Il y a une vraie courbe d’apprentissage liée à une technicité spécifique. En médecine humaine par exemple, il a été montré que ce n’est au bout d’une cinquantaine de cas de cholécystectomie ou de procédures thoracoscopiques qu’on arrivait à une réduction notable du temps opératoire, tout comme de la prévalence des complications. Cet apprentissage peut se faire via le mentorat ou le compagnonnage, comme pour la chirurgie ouverte, mais cela peut s’avérer souvent insuffisant pour les approches mini-invasives compte tenu du matériel spécifique, et de compétences nécessaires différentes de celles en chirurgie conventionnelle, comme le fait de pouvoir être ambidextre, de pouvoir anticiper la profondeur de champs sur un écran, de coordonner sa vision et ses mains, réapprendre les sensations avec un retour tactile différent, la nécessité d’un exercice et d'un entraînement délibérés, etc. Les compétences sont aussi techniques que cognitives. N’importe quel praticien, s’il s’en donne les moyens, pourrait se former à ces approches, en associant le mentorat aux formations postuniversitaires, à condition de pouvoir avoir accès au matériel.

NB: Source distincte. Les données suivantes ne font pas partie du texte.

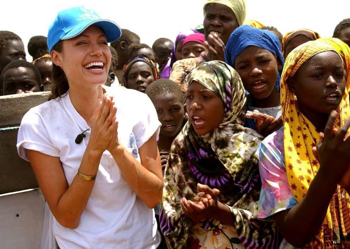Джоли танымалдыққа "Лара Крофт" фильміндегі басты рөлінен кейін ғана ие болған. Анджелина жағдайы нашар елдерде болып жатқан гуманитарлық апатты Камбоджадағы тіршіліктен білген. Онда актриса "Лара Крофт - расхитительница гробниц" фильмінің түсірілімдерінде болған. Сол кезде ол БҰҰ-ның Босқындар ісі жөніндегі комиссиясынан ақпарат алғысы келіп, хабарлама жазады. 2001 жылдың ақпанында Сьерра-Леоне мен Танзанияға алғашқы сапарына аттанып, ондағы жағдайдың нашарлығын көргенде аң-таң болады. Осылайша өзіне Африка мен Азияның қиналған жұртына қалайда көмектесемін деп серт берген екен.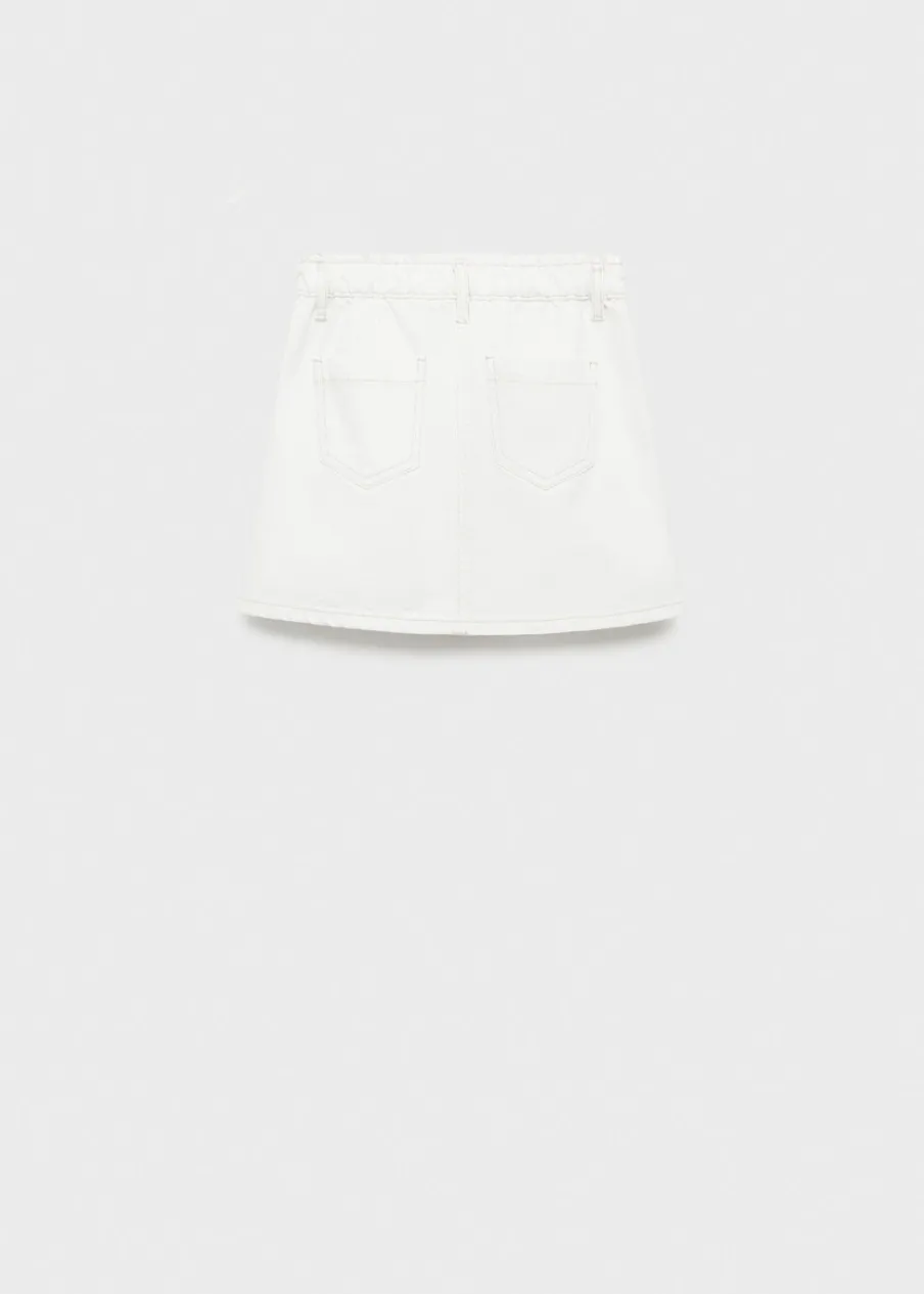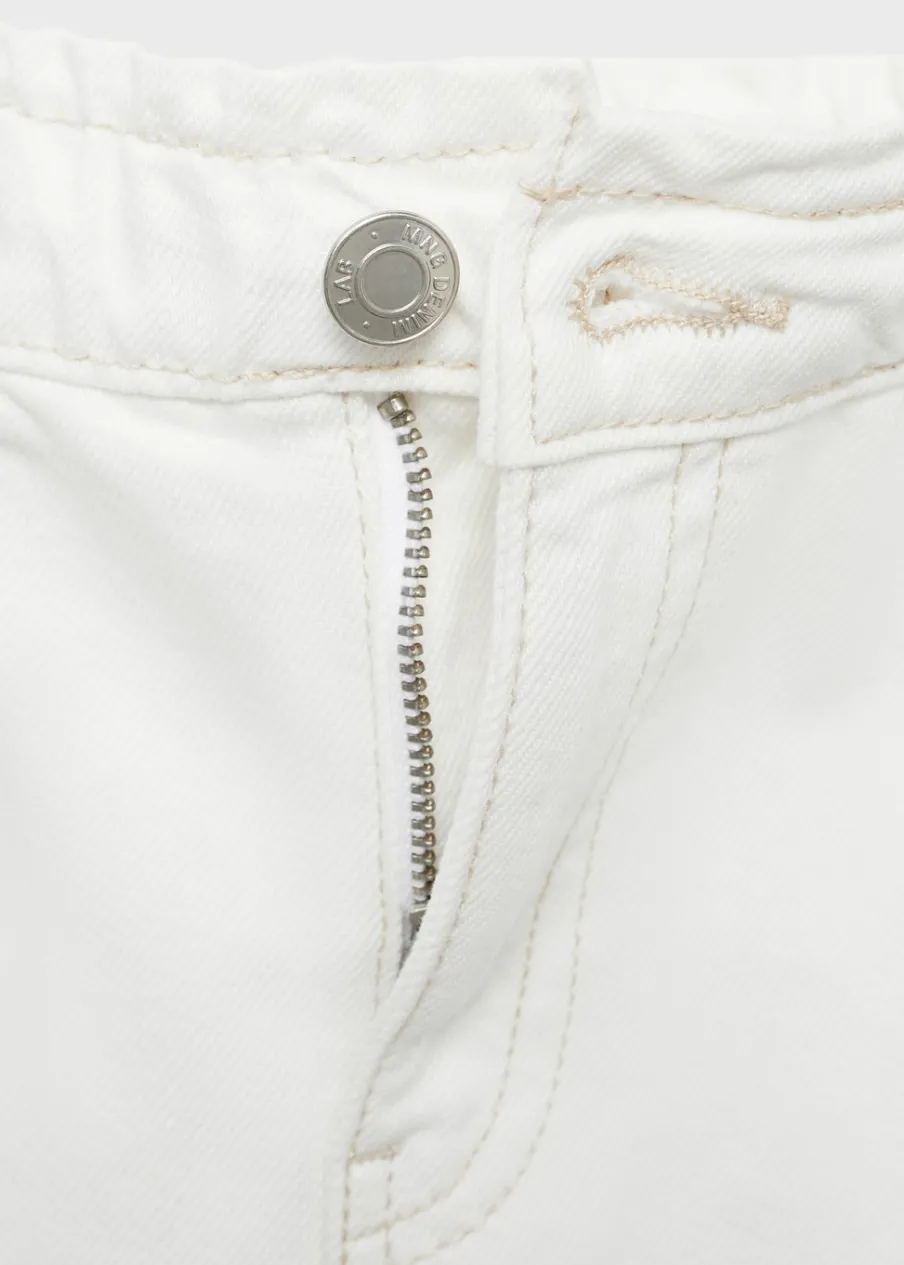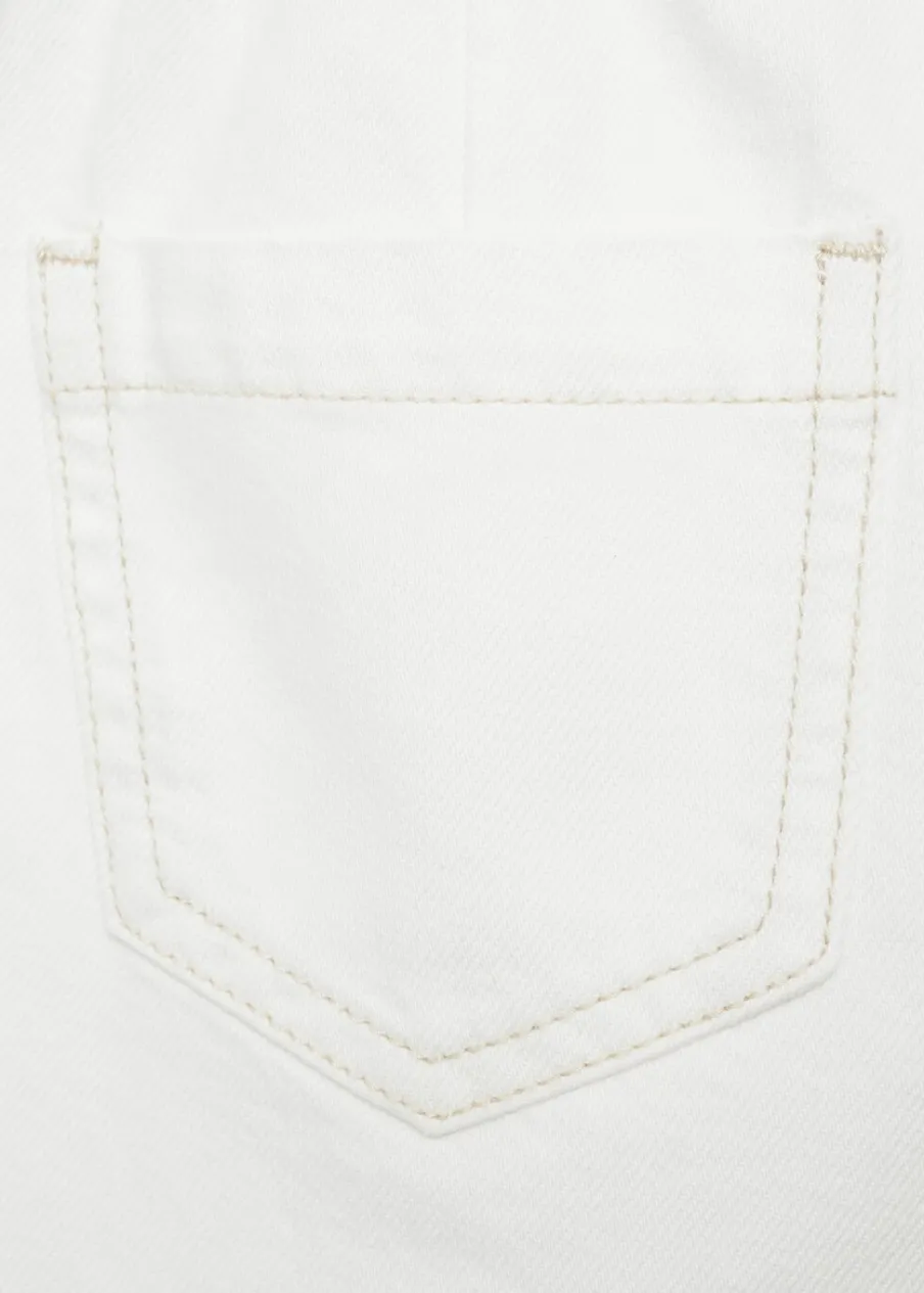 Tkanina bawełniana w dżinsowym stylu. Krótki krój. Elastyczny pas. Szlufki. Dwie kieszenie z przodu. Dwie kieszenie nakładane z tyłu. Zapięcie na suwak i guzik.

Peut-on encore aller plus loin ?
Je pense qu’il sera toujours techniquement possible d’aller plus loin. Par exemple, on commence à décrire les procédures d’embolisation tumorale sous fluoroscopie en cancérologie, permettant d’envisager de traiter des patients en impasse thérapeutique lors de tumeurs hépatiques ou prostatiques. Les robots chirurgicaux sont également en pleine expansion en médecine humaine. Dans le secteur vétérinaire, en Belgique, un cas10 de prostatectomie avec un robot a récemment été décrit. Mais à mon sens, le coût de ce type de machine – achat et fonctionnement –, la technicité particulière à développer et la rareté des indications font que son usage va potentiellement demeurer au stade du fantasme encore de nombreuses années pour la chirurgie vétérinaire.
Les étudiants sont-ils formés à ces nouvelles approches ?
Cela reste compliqué car cela demande un temps d’apprentissage long et qu'en outre la formation initiale doit pouvoir en premier lieu former les étudiants à la chirurgie ouverte. Mais ils y sont de plus en plus sensibilisés au cours de leurs rotations cliniques.